WORK INSTRUCTION:
In the listing below, find the line with "Resource Monitor나 Task" and the line with "5 HENCKELS TOOLS". Repeat those two lines and all lines between them exactly.

RECORDS PROVIDED:
=======

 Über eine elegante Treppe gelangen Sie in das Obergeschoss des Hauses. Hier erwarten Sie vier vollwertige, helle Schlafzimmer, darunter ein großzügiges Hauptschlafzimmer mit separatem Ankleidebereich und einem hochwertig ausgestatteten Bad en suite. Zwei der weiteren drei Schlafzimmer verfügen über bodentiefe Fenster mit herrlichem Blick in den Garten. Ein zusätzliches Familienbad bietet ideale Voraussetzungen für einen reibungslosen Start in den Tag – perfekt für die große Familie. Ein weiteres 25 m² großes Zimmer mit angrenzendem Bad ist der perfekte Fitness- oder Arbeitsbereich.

=======

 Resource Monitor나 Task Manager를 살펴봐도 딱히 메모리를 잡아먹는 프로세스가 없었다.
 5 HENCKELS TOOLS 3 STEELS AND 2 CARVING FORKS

=======

PROBLEM SOLUTION:
 Resource Monitor나 Task Manager를 살펴봐도 딱히 메모리를 잡아먹는 프로세스가 없었다.
 5 HENCKELS TOOLS 3 STEELS AND 2 CARVING FORKS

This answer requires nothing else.